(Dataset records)
--------------------------------------------------

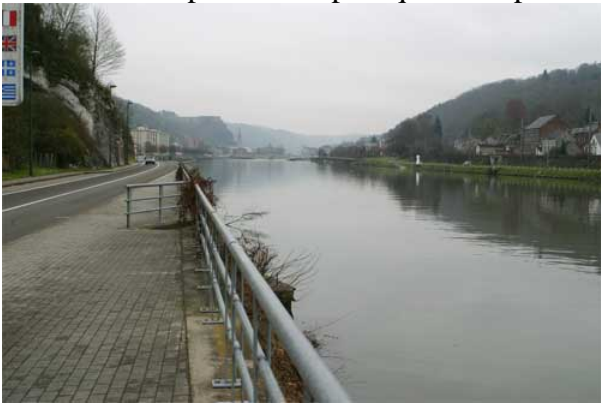
Figure 11 : Chaussée d'Yvoir à la sortie de Dinant
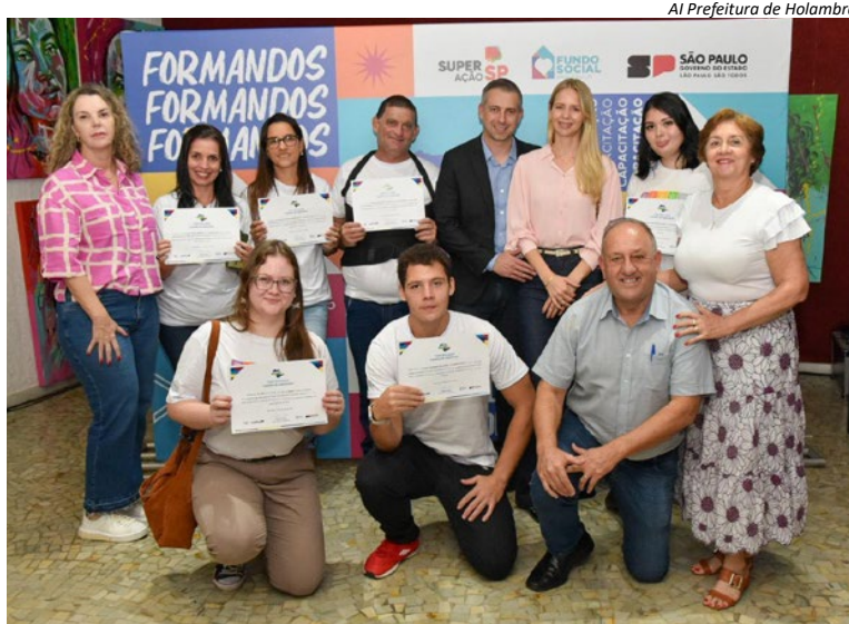
AI Prefeitura de Holambra

Os alunos holambrenses concluíram os cursos de Auxiliar de Cozinha e Gastronomia com Reaproveitamento de Alimentos, promovidos entre os
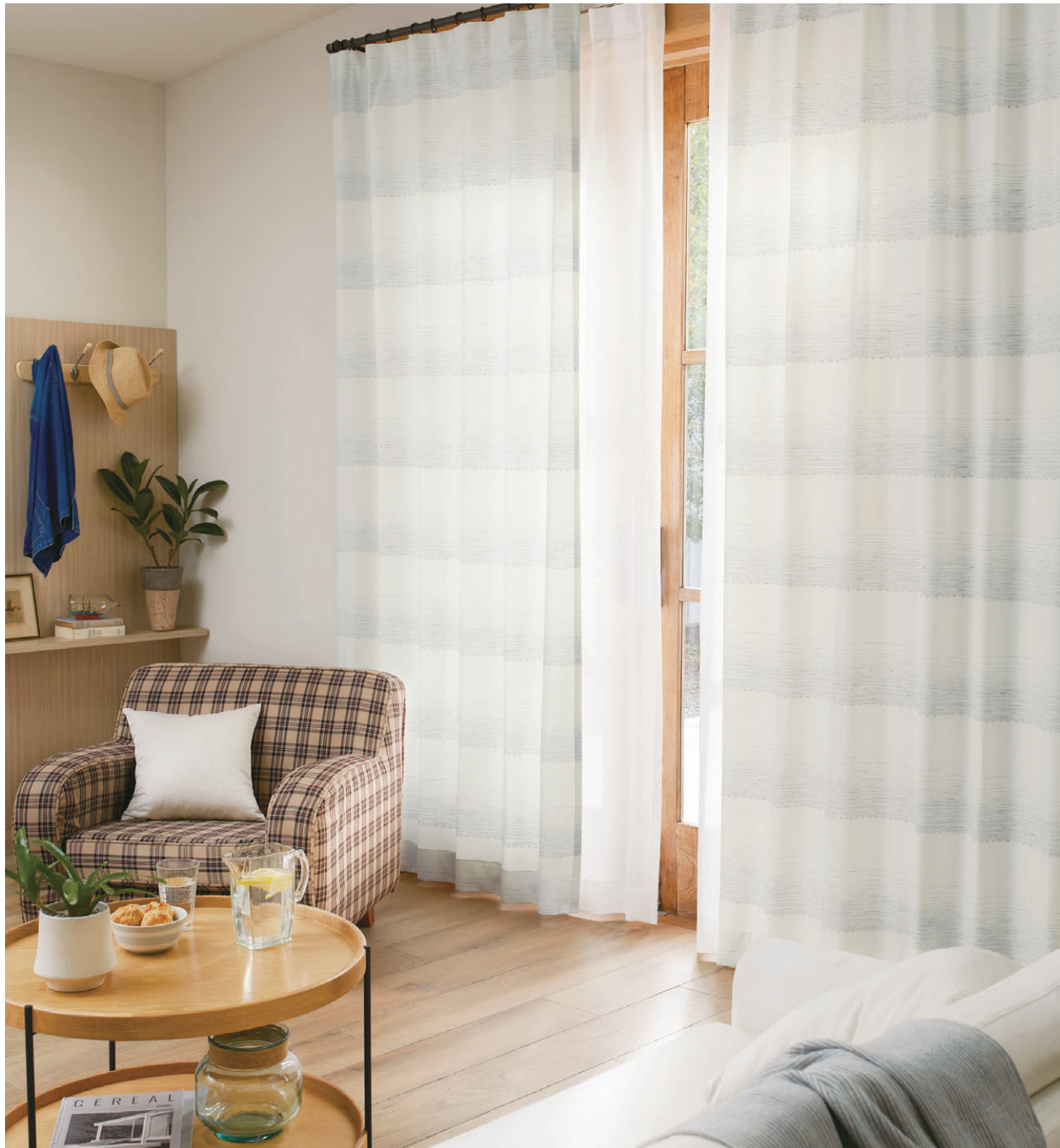
【ドレープ】TKF30158 フラット縫製 【レース】TKF30785 フラット縫製 【クッション】TKF30041 CS-P
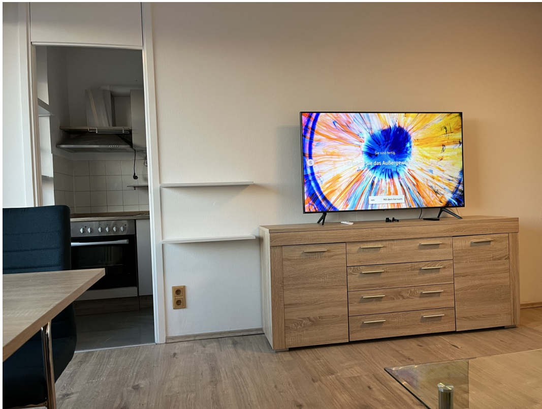
Wohnzimmer mit Eingang Küche
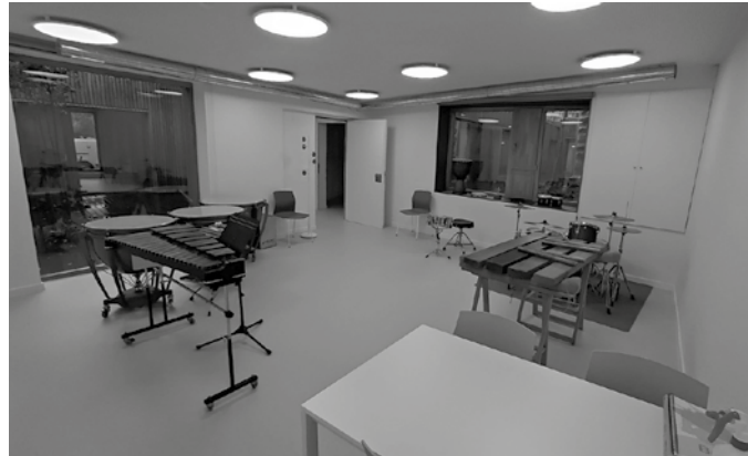
Hobariak daude familia ugarien edo unitate familiar bereko 3 senide edo gehiago matrikulatuta dauden kasuetan.
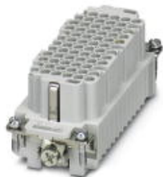
Wkładka styków żeńskich HEAVYCON, seria DD72, 72-pinowa, złącze zaciskane

Należy pamiętać, że podane dane pochodzą z katalogu online. Proszę o pobranie kompletnych informacji i danych z dokumentacji użytkownika. Obowiązują ogólne warunki użytkowania dla materiałów pobieranych przez Internet. ( http://phoenixcontact.pl/download )
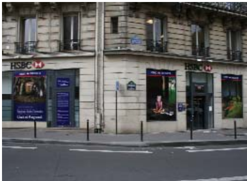
Clark & Pougnaud - HSBC
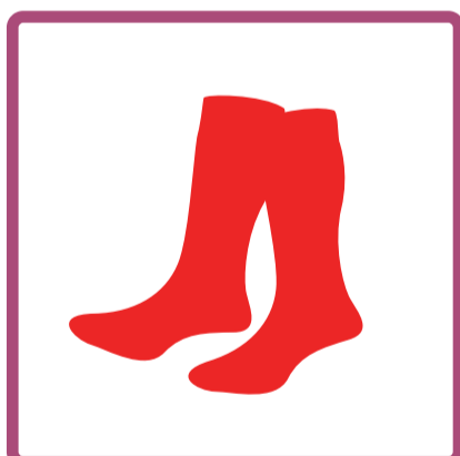
Mujeres: Medias rojas, ¾ o largas
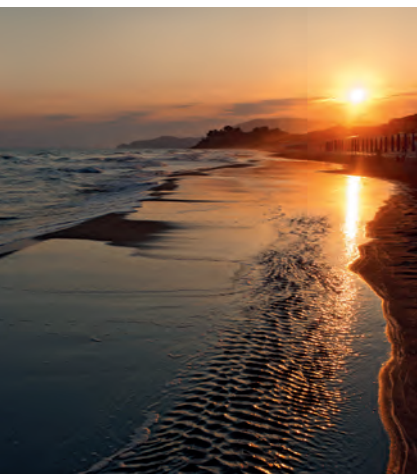
Zonsondergang bij Castiglione della Pescaia

De barokke villa bij Lucca, het schilderachtige stenen huis in de Chianti, de privéwellnessoase in de Val di Merse – wat veelal onder de noemer 'agriturismo' aangeboden wordt, heeft meestal niets meer te maken met het idee kleine boeren zo aan een extra inkomstenbron te helpen. Authentiek verblijf 'bij de boer' vind je doorgaans alleen in de toeristische randgebieden. Niettemin is de Toscaanse versie van 'vakantie op de boerderij' nog altijd de beste manier om land en bevol-
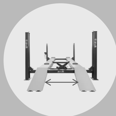
ПОЛОЖЕНИЕ 3 — 1100 ММ
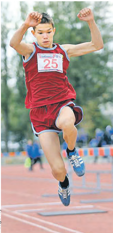
В соревнованиях по легкой атлетике лучше всех выступила команда из Челябинской области...
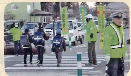
「年末の交通安全運動」で、通学路において児童に対する見守り活動を実施した。(池田松川)
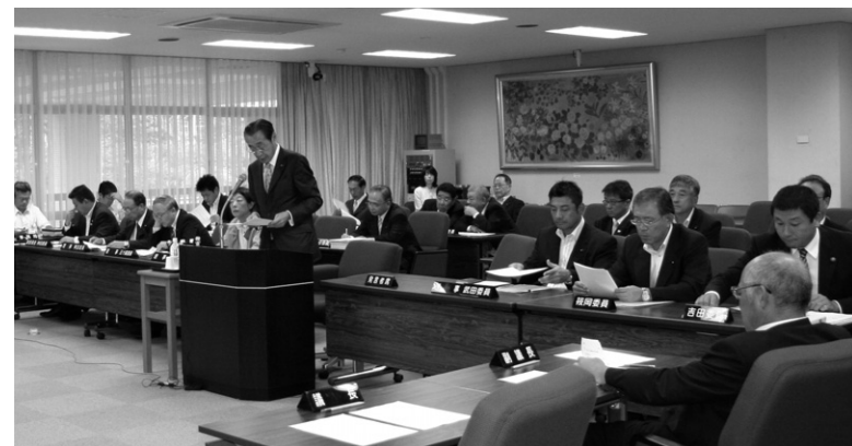
富山県議会 9月議会 予算特別委員会
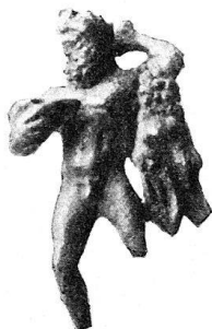
n o 25.
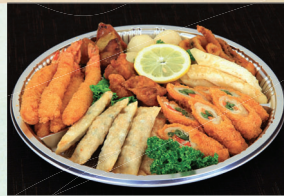
⑥ 揚物オードブル 4,320円(税込)
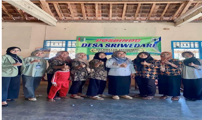
Gambar 2. 5 Keikutsertaan Kegiatan Posyandu Balita dan Lansia

pemenuhan gizinya. Serta untuk meningkatkan kesehatan masyarakat khususnya bagi warga yang sudah lanjut usia. Kegiatan ini dihadiri oleh seluruh masyarakat yang ada di Desa Sriwedari.
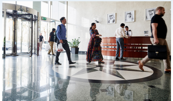
Die neuen HKL-Pumpen im Green Tower verbrauchen infolge der Nachrüstung beim Kühlen des Bürogebäudes 57 % weniger Strom als vorher.

„Wir müssen nur zu ihnen durchdringen. Damit ist das Ventil schon fast offen“, gibt er sich überzeugt. „Das ist keine Traumtänzeri oder etwas Unmögliches. Es liegt direkt vor uns und lässt sich ganz einfach erreichen.“
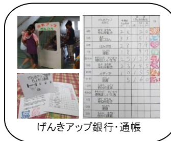
げんきアップ銀行・通帳
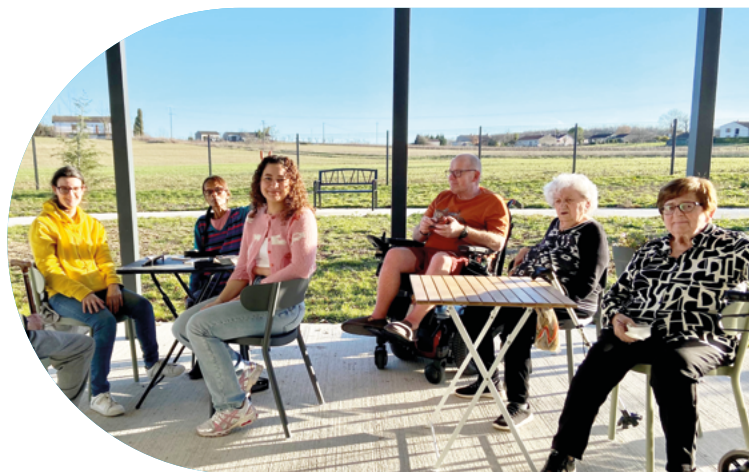
Maison Astrolabe

Inspirée de l'architecture de la Maison de Gardanne à Marseille et de son esprit de soins palliatifs, la Maison Astrolabe est avant tout un lieu de vie chaleureux et de répit pour des personnes en perte d'autonomie. Située à Cahuzac-sur-Vère (81), cette maison a reçu le soutien de la Fondation Andrée Morillon pour son fonctionnement et des frais d'investissement visant un meilleur confort de ses résidents.

--------------------------------------------------

• _Exercise brief_
Look for the line that contains "Należy pamiętać, że", then please copy it and the rest of the lines through the end of the data, pictures excluded.

• _Solution for this task_
Należy pamiętać, że podane dane pochodzą z katalogu online. Proszę o pobranie kompletnych informacji i danych z dokumentacji użytkownika. Obowiązują ogólne warunki użytkowania dla materiałów pobieranych przez Internet. ( http://phoenixcontact.pl/download )
Clark & Pougnaud - HSBC
Mujeres: Medias rojas, ¾ o largas
Zonsondergang bij Castiglione della Pescaia

De barokke villa bij Lucca, het schilderachtige stenen huis in de Chianti, de privéwellnessoase in de Val di Merse – wat veelal onder de noemer 'agriturismo' aangeboden wordt, heeft meestal niets meer te maken met het idee kleine boeren zo aan een extra inkomstenbron te helpen. Authentiek verblijf 'bij de boer' vind je doorgaans alleen in de toeristische randgebieden. Niettemin is de Toscaanse versie van 'vakantie op de boerderij' nog altijd de beste manier om land en bevol-
ПОЛОЖЕНИЕ 3 — 1100 ММ
В соревнованиях по легкой атлетике лучше всех выступила команда из Челябинской области...
「年末の交通安全運動」で、通学路において児童に対する見守り活動を実施した。(池田松川)
富山県議会 9月議会 予算特別委員会
n o 25.
⑥ 揚物オードブル 4,320円(税込)
Gambar 2. 5 Keikutsertaan Kegiatan Posyandu Balita dan Lansia

pemenuhan gizinya. Serta untuk meningkatkan kesehatan masyarakat khususnya bagi warga yang sudah lanjut usia. Kegiatan ini dihadiri oleh seluruh masyarakat yang ada di Desa Sriwedari.
Die neuen HKL-Pumpen im Green Tower verbrauchen infolge der Nachrüstung beim Kühlen des Bürogebäudes 57 % weniger Strom als vorher.

„Wir müssen nur zu ihnen durchdringen. Damit ist das Ventil schon fast offen“, gibt er sich überzeugt. „Das ist keine Traumtänzeri oder etwas Unmögliches. Es liegt direkt vor uns und lässt sich ganz einfach erreichen.“
げんきアップ銀行・通帳
Maison Astrolabe

Inspirée de l'architecture de la Maison de Gardanne à Marseille et de son esprit de soins palliatifs, la Maison Astrolabe est avant tout un lieu de vie chaleureux et de répit pour des personnes en perte d'autonomie. Située à Cahuzac-sur-Vère (81), cette maison a reçu le soutien de la Fondation Andrée Morillon pour son fonctionnement et des frais d'investissement visant un meilleur confort de ses résidents.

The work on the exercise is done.